Lee Colbert saw the anger rising in Chana’s face and spoke before she could. “All right, forget the islanders. What other proof have we?”
“Mr. Hooker saw tooth marks on the bottom of the Soucan...”
“He thought he saw what looked like teeth marks,” Lee corrected. “That is hardly proof. There were other witnesses and they saw nothing.”
“Only Hooker was watching at the moment.”
“That’s not enough.”
Berger looked at Chana curiously. “Do you believe him?”
Right then she was almost furious enough to call Hooker a bloody liar and an idiot to boot, but she knew she would be wrong and that was one thing she hated most of all to be. She said, “I believe he saw something. How accurate his statement was, I don’t know.”

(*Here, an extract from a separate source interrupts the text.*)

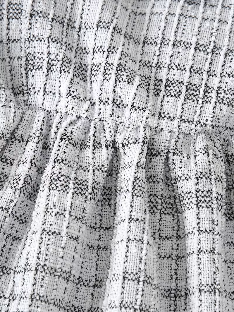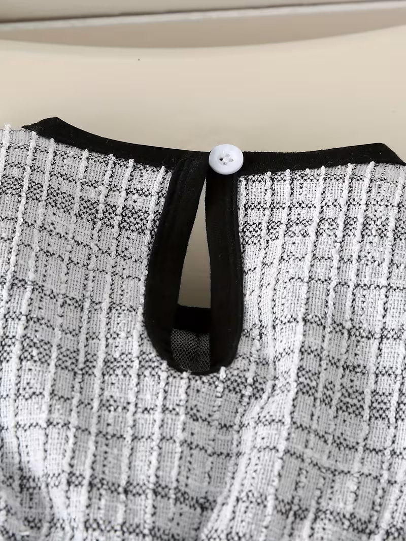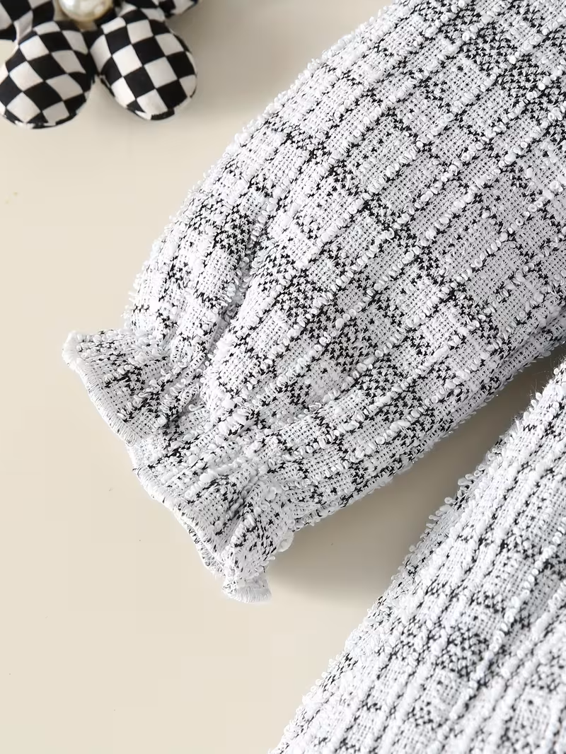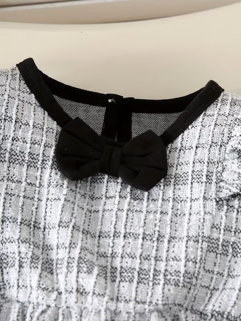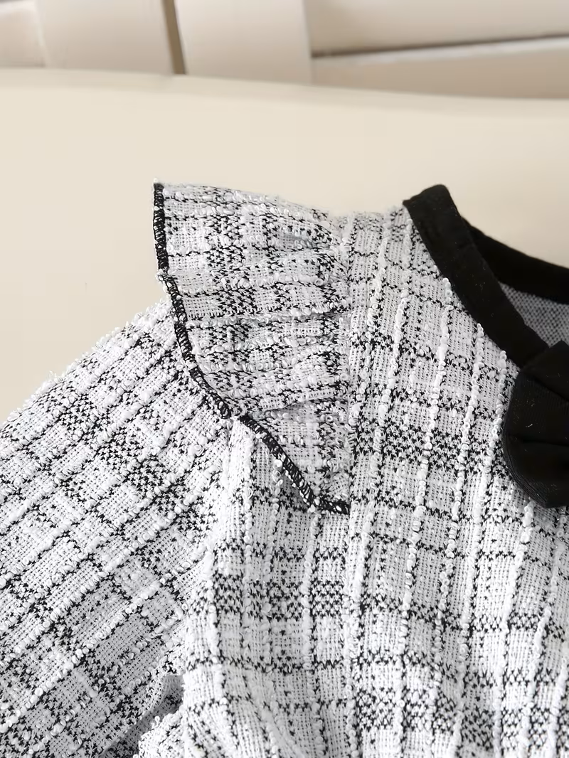 Zimska haljinica za bebe devojčice – 9-12 meseci (veličina 80) Uživajte u udobnosti i stilu vaše male princeze sa ovom prelepom zimskom haljinicom. Haljinica je sivo bele karirane boje sa suptilnim crnim detaljima, savršena za praznične i svakodnevne prilike. Ima elegantnu crnu masnicu i karneriće na ramenima koji dodaju nežan i sladak izgled. Zakopcava se jednim dugmetom pozadi. Dugi rukavi sa gumicom na kraju čuvaju toplinu, dok je materijal mekan i nežan, prijatan za osetljivu kožu bebe. Idealna je za zimske dane, igre i posebne trenutke, kombinujući udobnost i šarm u jednom.

“What do you believe?” Berger asked her.
“That there was a hole in the bottom. It was big enough to be the result of a low-yield explosive. I don’t believe in teeth marks.”
Berger chuckled again. “That doesn’t leave you much of an option, does it?”
“What do you mean?”
“Until you find the source of those mines and learn how many are floating around, you are going to be on one hell of a fishing expedition. There’s a lot of water out there.”
Rather than answer him, Chana shut the miniature tape recorder off and stood up. Berger’s security clearance was at a level that didn’t require him to know certain facts, and she’d be hanged if she would give him any unnecessary information at all. “We’ll meet again later,” she said.
“I’m sure we will,” Berger told her.
“I trust this place hasn’t gotten into you too far. You did sign certain documents at Langley.”
“Of course, Chana, of course. I really don’t enjoy the thought of being targeted for extermination on account of a silly indiscretion. Such a waste of a bullet.”
“Regulations call for a minimum of two,” she said nastily.
As they left Berger called to her, “I hope they’re head shots. Or large-caliber to penetrate all my fat.”
“Oh, they’ll be both,” Chana told him over her shoulder.
When the door closed Lee shook his head. “You’re a pisser, Chana, a real pisser.” When she looked at him with a smirk he added, “You never mentioned the blast tape to him.”
“No need to know. Why alert anybody? We should be able to learn which boats were out and where they were working.”
“It was a good day. They all were out and working. And nobody is going to tell us anything that isn’t vague and uncertain, so get with it. Look in a different direction.”
Over at the main dock the Clamdip was tied to a piling fore and aft while Billy Bright filled the main tanks with the new unleaded gas. Hooker was seated on the transom, one leg up on the footrest of the fighting chair. He had a can of Miller Lite beer in his hand and when he saw her watching him, he raised it in a mock toast.
“Maybe I will,” Chana told Lee. “Later.”